First, we are going to import the SageMaker SDK and set some default variables such as the `role` for permissioned execution and the `default_bucket` to store model artifacts.

In [None]:
! pip install sagemaker botocore boto3 awscli --upgrade

In [274]:

import boto3
import sagemaker
import json 

client = boto3.client(service_name="sagemaker")
runtime = boto3.client(service_name="sagemaker-runtime")

s3_client = boto3.client('s3')

boto_session = boto3.session.Session()
region = boto_session.region_name
print(region)

sagemaker_session = sagemaker.Session()
role = sagemaker.get_execution_role()
print(role)

default_bucket = sagemaker_session.default_bucket()

## Manually run the checks in the Notebook

In this section of the Notebook, the metadata associated with the registered model is used to retrieve Clarify artifacts. These artifacts contain measures of model quality, bias and feature importance, which are used to approve the model for deployment.

In [255]:
model_package_group_name = "<EXISTING_MODEL_PACKAGE_GROUP_NAME>"

### Retrieve Clarify artifacts based on Model Package 

In [256]:
model_package_arn = client.list_model_packages(ModelPackageGroupName=model_package_group_name)[
    "ModelPackageSummaryList"
][0]["ModelPackageArn"]

In [223]:
model_package_metrics = client.describe_model_package(ModelPackageName=model_package_arn)["ModelMetrics"]
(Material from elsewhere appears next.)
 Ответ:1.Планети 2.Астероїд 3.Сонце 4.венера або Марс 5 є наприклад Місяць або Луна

model_quality_s3_key = model_package_metrics["ModelQuality"]["Statistics"]["S3Uri"].split(f"{default_bucket}/")[1]
model_quality_bias = model_package_metrics["Bias"]
model_quality_pretrain_bias_key = model_quality_bias["PreTrainingReport"]["S3Uri"].split(f"{default_bucket}/")[1]
model_quality__post_train_bias_key = model_quality_bias["PostTrainingReport"]["S3Uri"].split(f"{default_bucket}/")[1]
model_explainability_s3_key = model_package_metrics["Explainability"]["Report"]["S3Uri"].split(f"{default_bucket}/")[1]

### Model Quality Check

In [224]:
# MODEL QUALITY (in step 1)
mae_threshold = 1.5

s3_obj = s3_client.get_object(Bucket=default_bucket, Key=model_quality_s3_key)
s3_obj_data = s3_obj['Body'].read().decode('utf-8')
model_quality_json = json.loads(s3_obj_data)
mae = model_quality_json["regression_metrics"]["mae"]["value"]
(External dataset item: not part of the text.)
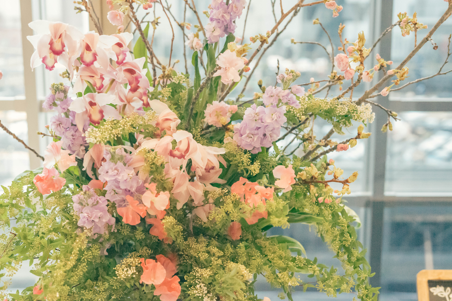 今回入社式に用意したスタンド花は、春らしさをイメージして桜が入ったものを選びました。

mae_check = True if mae < mae_threshold else False
mae_check

### Model Pre-training Bias Check

In [None]:
# MODEL PRETRAINIG BIAS (in step 1)
kullback_liebler_check_threshold = 0.5

s3_obj = s3_client.get_object(Bucket=default_bucket, Key=model_quality_pretrain_bias_key)
s3_obj_data = s3_obj['Body'].read().decode('utf-8')
model_quality_pretrain_bias_json = json.loads(s3_obj_data)
kullback_liebler = model_quality_pretrain_bias_json["pre_training_bias_metrics"][
    "facets"]["column_8"][0]["metrics"][4]["value"]

kullback_liebler_check = True if kullback_liebler < kullback_liebler_check_threshold else False 
kullback_liebler_check

### Model Post-training Bias Check

In [None]:
# MODEL POSTTRAINING BIAS (in step 1)
treatment_equity_check_threshold = 0

s3_obj = s3_client.get_object(Bucket=default_bucket, Key=model_quality__post_train_bias_key)
s3_obj_data = s3_obj['Body'].read().decode('utf-8')
model_quality__post_train_bias_json = json.loads(s3_obj_data)
treatment_equity = model_quality__post_train_bias_json["post_training_bias_metrics"][
    "facets"]["column_8"][0]["metrics"][-1]["value"]
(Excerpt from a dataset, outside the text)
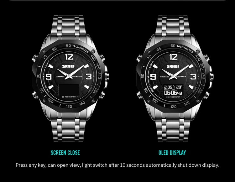 Bagian strap atau tali Jam Tangan SKMEI 1464 terbuat dari bahan Stainless Steel yang memiliki kualitas awet dan baik dibandingkan Merk kelas serupa lainnya.

treatment_equity_check = True if treatment_equity < treatment_equity_check_threshold else False
treatment_equity_check

### Model Explainability Report Check

In [None]:
# MODEL EXPLAINABILITY REPORT (in step 1)
age_shap_label_0_threshold = 0.5

s3_obj = s3_client.get_object(Bucket=default_bucket, Key=model_explainability_s3_key)
s3_obj_data = s3_obj['Body'].read().decode('utf-8')
model_explainability_s3_json = json.loads(s3_obj_data)
age_shap_label_0 = model_explainability_s3_json[
    "explanations"]["kernel_shap"]["label0"]["global_shap_values"]["column_1"]

age_shap_label_0_check = True if age_shap_label_0 < age_shap_label_0_threshold else False
age_shap_label_0_check

### Model Approval Based on Previous Checks

In [100]:
model_package_update_input_dict = {
    "ModelPackageArn" : model_package_arn,
    "ModelApprovalStatus" : "Approved" if (mae_check and kullback_liebler_check and treatment_equity_check and age_shap_label_0_check) else "Rejected"
}

## Automate using SageMaker Pipelines and SageMaker Processors

In this section of the Notebook, the previous steps are orchestrated as a SageMaker Pipeline. 

In [None]:
pipeline_session = PipelineSession()
pipeline_name = "automated-model-governance"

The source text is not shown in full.